What do you really know? I am not talking facts and figures, I’m talking about self-awareness. When do you question your motives, your actions, your thoughts? Why do you move through life in the way you do? What causes you to be so strong, skeptical, brash, trusting, hard, caring, funny or despondent? How are you led by the expectations and standards of others? Who are the others; parents, friends, bullies, social media influencers, teachers, bosses, colleagues, people you don’t even know?
I struggled for a long time with the Bible verse Luke 23:34 – Jesus said “Father forgive them; for they know not what they do” – My mind could not conceptualize how people who were so downright intentional about their decision to participate in His crucifixion could “know not what they do”. Weren’t they given a choice Barabbas or Jesus?

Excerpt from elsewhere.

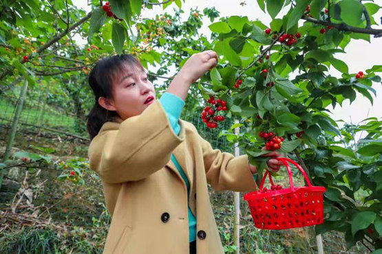 游客采摘櫻桃。璧山區委宣傳部供圖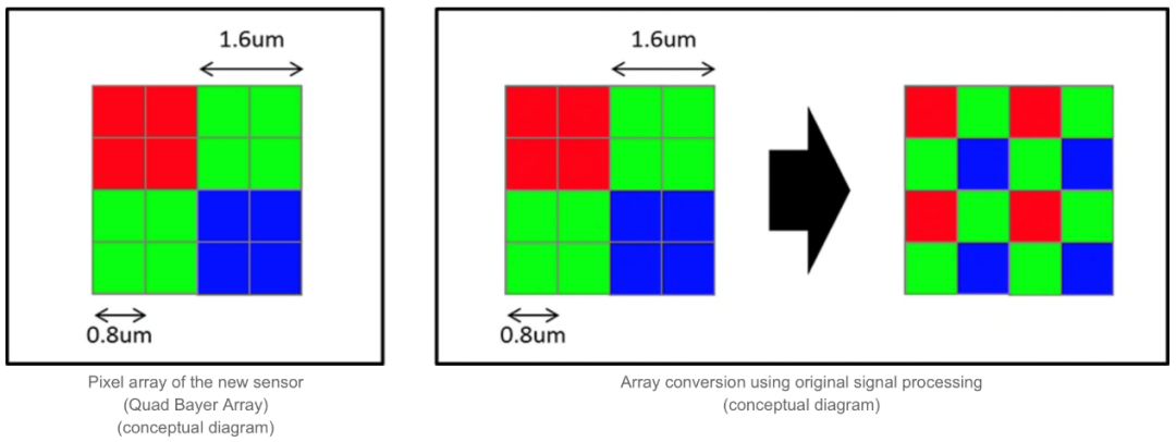 The Quad Bayer array is used to output binned 2x2 pixels and increase the photosensitive surface to the level equivalent to that of a 1.6μm pixel, thereby significantly improving the IMX586's light capturing capability and reducing image noise in low light conditions.

Didn’t they clearly chant His name, and didn’t they line the streets, hurl insults, watch Him struggle and not lift a hand to help, or choose to remain silent when they could have come to His defense? Why would Jesus pray forgiveness for them and plead their ignorance? Love and compassion, of course, but if we spend some time with the reason he provides we can unpack great insight about the human condition.
Cognitive neuroscientist, Dr. Caroline Leaf studies mind-brain connection. Some of the things she talks about are cognitive dissonance, the conscious and unconscious parts of the mind and the habits of thinking we form in order to move through the world. Without getting into the science of it, the lay-person can observe, within themselves and others, habits of mind where habits win over intentions. Examples abound, like making resolutions and not sticking with them, making a promise/commitment and not following through, setting goals then self-sabotaging the process to get there. What does this have to do with Luke 23:34?
Jesus knew that the people who contributed to ensuring he was nailed to the cross did so from the unconscious/habit part of their mind, the part programmed to the Jewish worldview of maintaining the ancestral laws & ways and opposing any other leadership authority than God, diligently handed down over generations. Their unconscious focus on these things caused them to miss the fact that He is the Messiah. Surely if they were able to put down the program and see who He is then they would not have done what they did, hence Jesus’
compassion for them in their spiritual blindness/ignorance.
Every person who lives is faced with some form of “blindness” due to their programs, or unconscious habits of thinking, that have been accepted and allowed to take root in the mind. In some cases “blindness” is total, in others the program may just be a filter that we view life through. Our worldview programs can skew our vision, dim reality, deny truths, twist perspectives, and offer us only what our mind knows vs. what is.
So I ask again, what do you really know? Food for thought?